Clin Lab. 2011;57(5-6):363-71.
Cervical cancer (CCA) is the 2nd most common cancer among women worldwide. For approximately 2 years now, CCA has been converted from an oncological disease to an infectious disease, almost certainly caused by Human papillomavirus (HPV). Development of effective vaccines against the virus has created considerable issue world-wide and has major implications for both primary and secondary prevention strategies. The objective of this study was to establish the prevalence and genotype distribution of HPV in preinvasive, cervical intraepithelial neoplasia (CIN II and III) and invasive CCA in Sharkia governorate, Egypt.
This study included 42 patients with CIN II and III, 30 patients with invasive CCA, and 45 controls who had undergone hysterectomy for any cause other than CCA. HPV detection and genotyping in cervical biopsies by Polymerase Chain Reaction (PCR) and Restriction Fragment Length Polymorphism (RFLP).

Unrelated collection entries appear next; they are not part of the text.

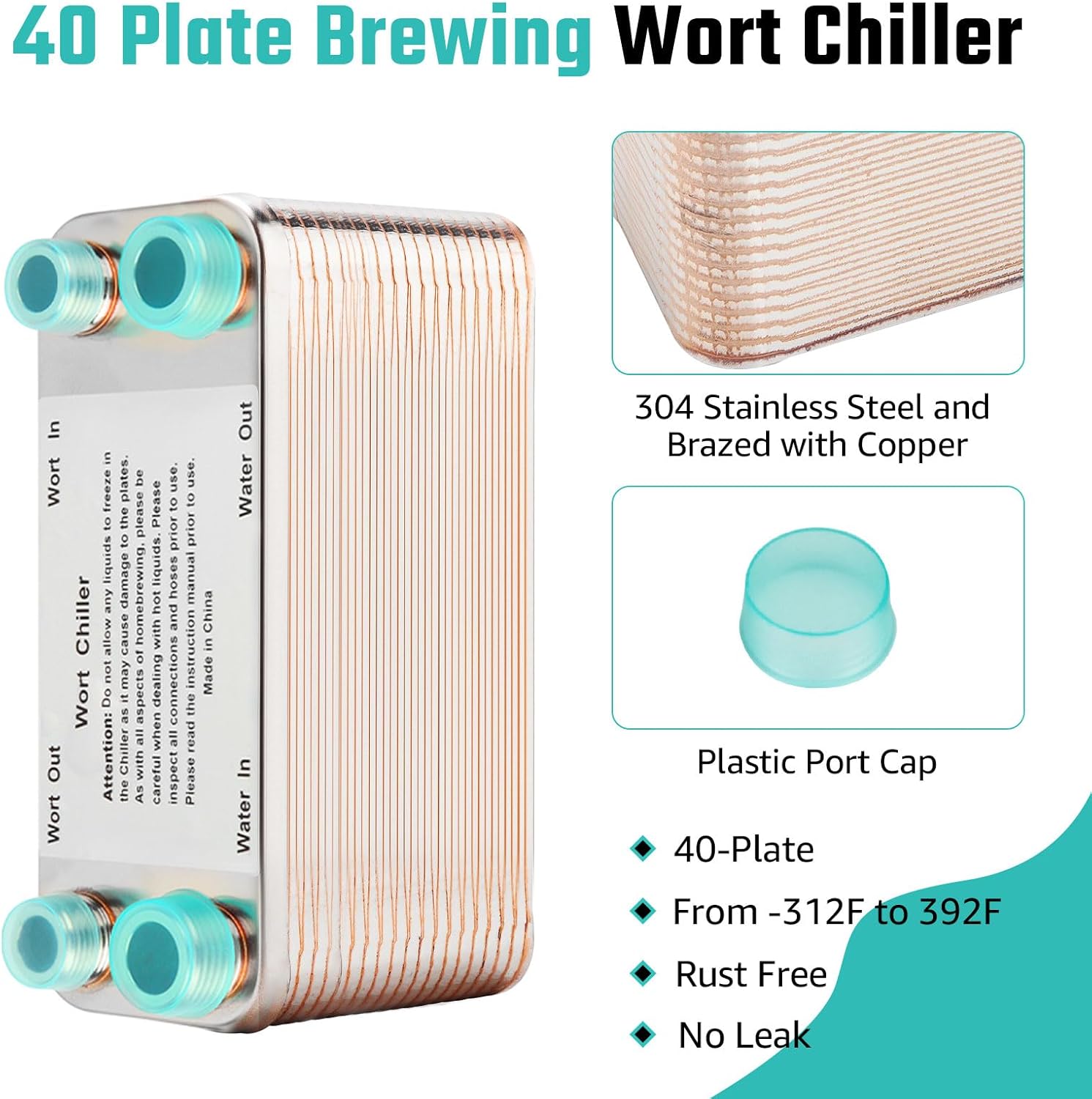 Chciyich 40 Plate Wort Chiller, Brazed Plate Heat Exchanger for Homebrew, Stainless Steel Plate Beer Brewing Wort Chiller, 1/2 & 3/4NPT Thread Wort Cooler System
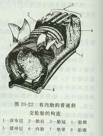 (1)普通斜交輪胎 簾布層和緩沖層各相鄰層簾線交叉與胎中心線呈小于90度角排列的充氣輪胎,稱為普通斜交輪胎。圖20—22所示為有內(nèi)胎的普通斜交胎構(gòu)造。外胎由胎冠3、簾布層l、緩沖層5及胎圈8組成。簾布層是外胎的骨架,用以保持外胎的形狀和尺寸,通常由成雙數(shù)的多層掛膠布(簾布)用橡膠貼合而成。簾布的簾線與輪胎子午斷面的交角(胎冠角)一般為52度~54度,相鄰層簾線相交排列。簾布層數(shù)越多,強度越大,但彈性降低。在外胎表面上注有簾布層數(shù)。
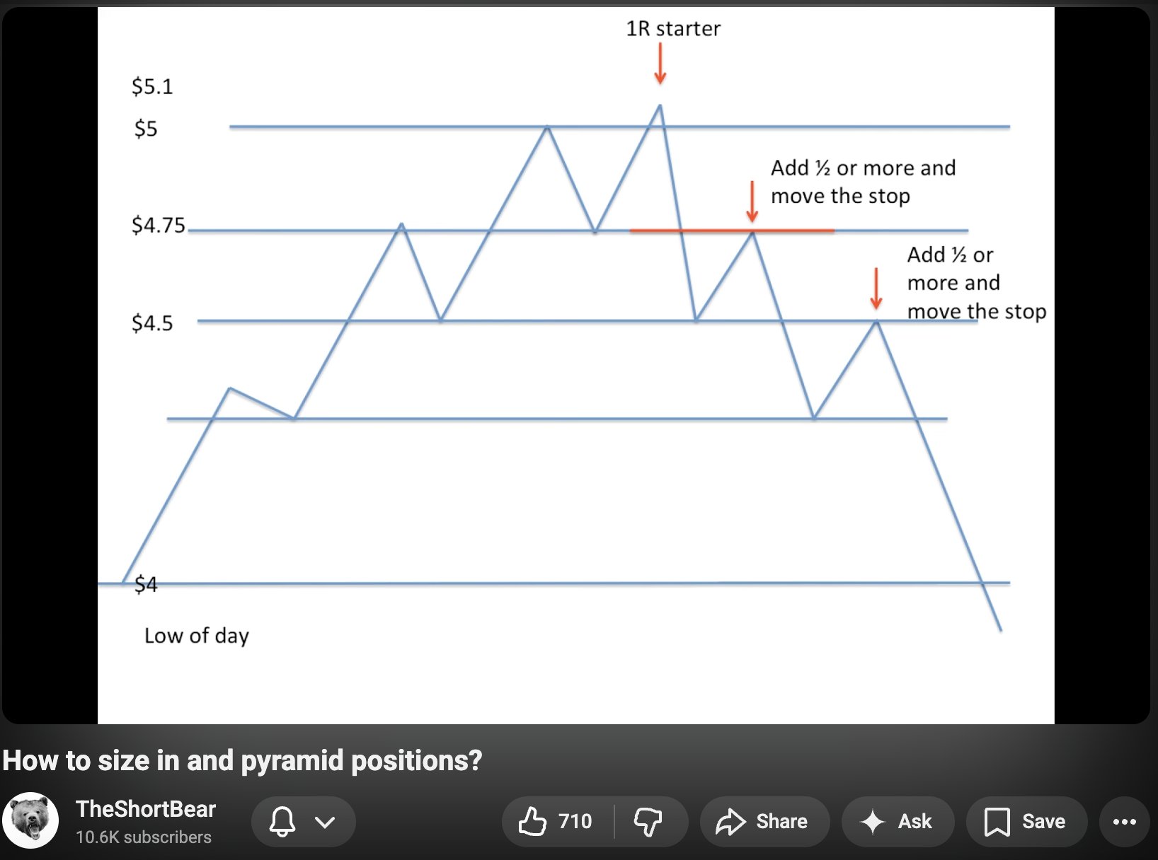 - starter entry at $100, stop at $95 (risking 5%)

HPV DNA was detected in 85.7% (36/42) patients with CIN II and III. HPV genotypes were arranged in order of decreasing frequency as follows: HPV 16 being detected in 50.0% (21/42), HPV 45 in 143% (6/42) HPV 33 in 11.9% (5/42), HPV 18 in 9.5% (4/42) and HPV 31 in 7.1% (3/42) cases. In patients with invasive CCA, 93.3% (28/30) were positive for HPV DNA. In order of decreasing frequency, HPV genotypes were: HPV 16 being detected in 66.7% (20/30), HPV 18 in 16.7% (5/30), HPV 33 in 10.0% (3 /30) and both HPV 31 and HPV 45 in 6.7% (2/30) cases. About 13.3% invasive cervical cancer and 7.1% CIN II & III specimens exhibited multiple infections without significant difference (P > 0.05). HPV 16 and 33 infections show a higher risk for development of advanced stages of invasive CCA but without a statistically significant difference.

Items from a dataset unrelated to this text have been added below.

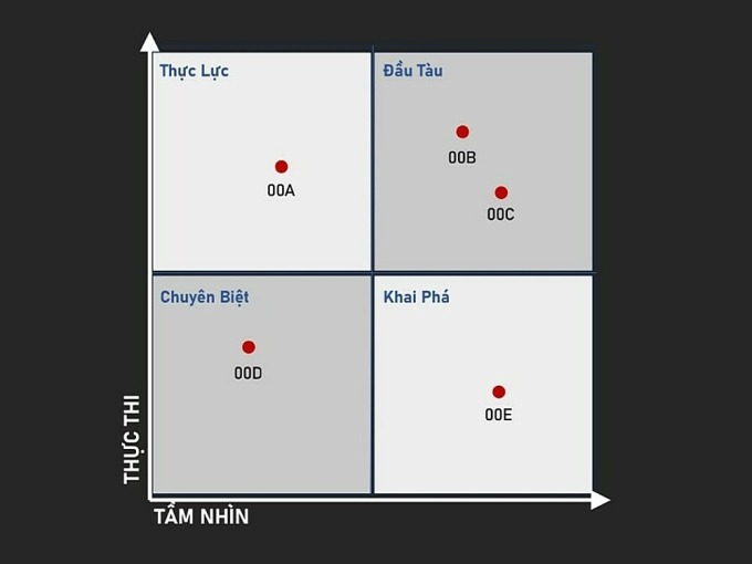 Cách Vinasa phân loại các doanh nghiệp công nghệ số dựa trên khả năng thực thi và tầm nhìn. Ảnh chụp màn hình
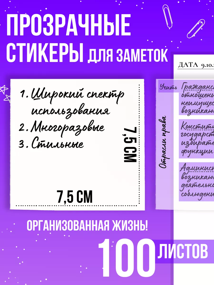 Стикеры для заметок прозрачные 100 штук 9,6 см х 7 см.... [...]
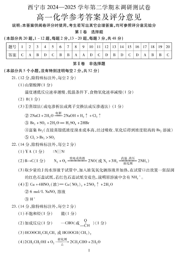高一化学答案--青海省西宁市2024-2025学年高一下学期末调研测试

The high prevalence of HPV genotypes 16, 18, and 45 in Sharkia governorate, Egypt, deserves attention as it has important implications for the usefulness of vaccine in prevention of a significant proportion of CCA and the choice of diagnostic methods.
宫颈癌(CCA)是全球女性中第二常见的癌症。大约两年来,CCA已从一种肿瘤疾病转变为一种几乎可以肯定由人乳头瘤病毒(HPV)引起的传染病。针对该病毒的有效疫苗的研发在全球引发了诸多问题,并且对一级和二级预防策略都具有重要意义。本研究的目的是确定埃及谢赫村省宫颈上皮内瘤变(CIN II和III)及浸润性CCA的癌前病变中HPV的患病率和基因型分布。

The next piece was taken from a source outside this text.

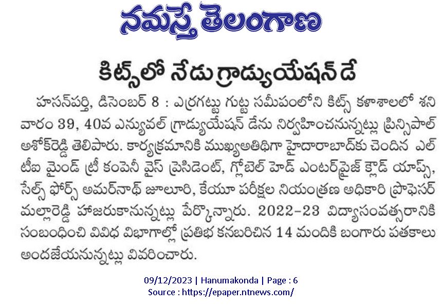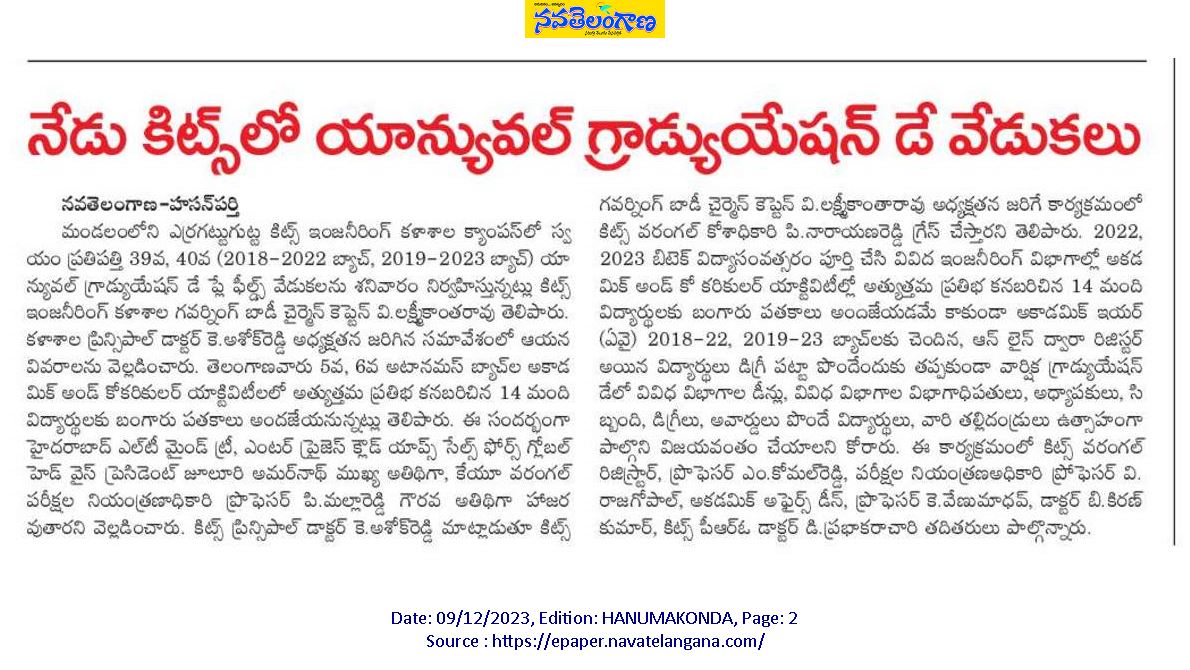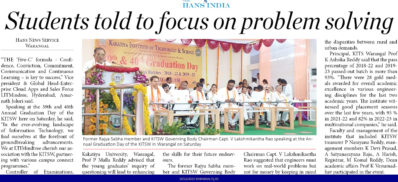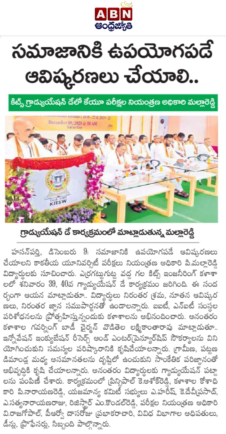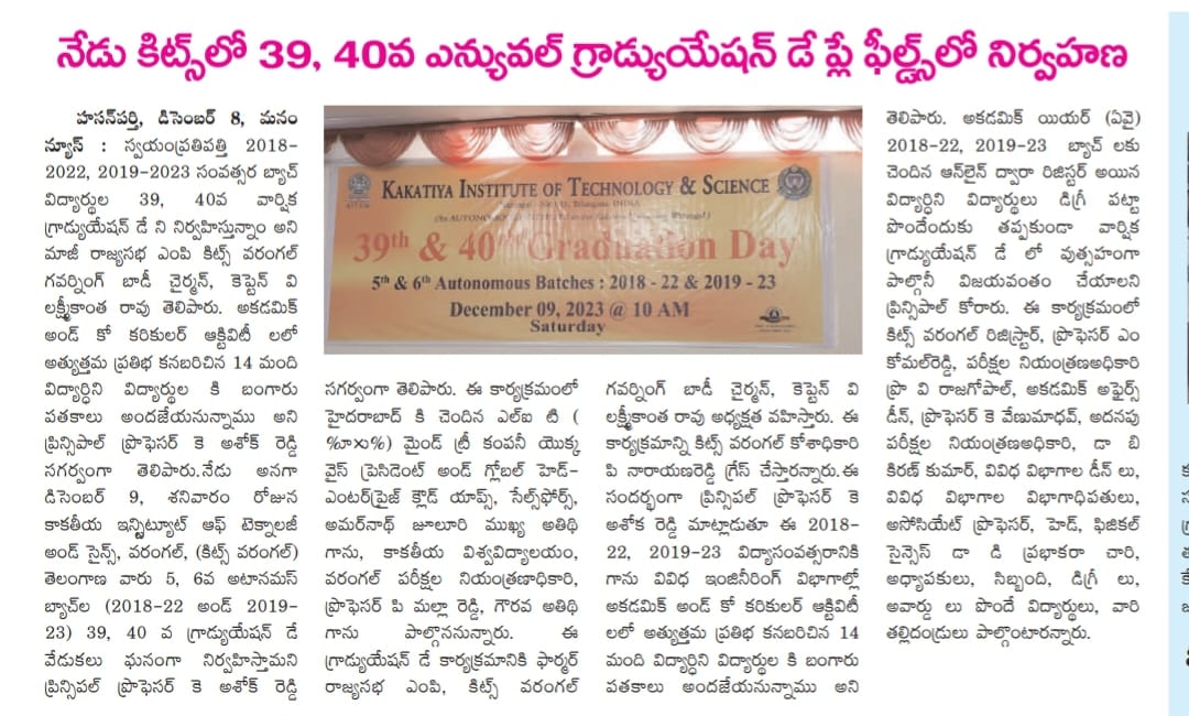 KITS, Warangal was celebrated its 39th and 40th Graduation Day for the Autonomous batches of 2018-22 and 2019-23 on 9th December, 2023.

本研究纳入了42例CIN II和III患者、30例浸润性CCA患者以及45例因CCA以外的任何原因接受子宫切除术的对照者。通过聚合酶链反应(PCR)和限制性片段长度多态性(RFLP)对宫颈活检组织进行HPV检测和基因分型。
在42例CIN II和III患者中,85.7%(36/42)检测到HPV DNA。HPV基因型按频率递减顺序排列如下:50.0%(21/42)检测到HPV 16,14.3%(6/42)检测到HPV 45,11.9%(5/42)检测到HPV 33,9.5%(4/42)检测到HPV 18,7.1%(3/42)检测到HPV 31。在浸润性CCA患者中,93.3%(28/30)HPV DNA呈阳性。HPV基因型按频率递减顺序为:66.7%(20/30)检测到HPV 16,16.7%(5/30)检测到HPV 18,10.0%(3/30)检测到HPV 33,6.7%(2/30)检测到HPV 31和HPV 45。约13.3%的浸润性宫颈癌和7.1%的CIN II和III标本显示多重感染,差异无统计学意义(P>0.05)。HPV 16和33感染显示浸润性CCA晚期发展风险较高,但无统计学显著差异。
埃及谢赫村省HPV 16、18和45基因型的高患病率值得关注,因为这对疫苗预防相当比例的CCA的有效性以及诊断方法的选择具有重要意义。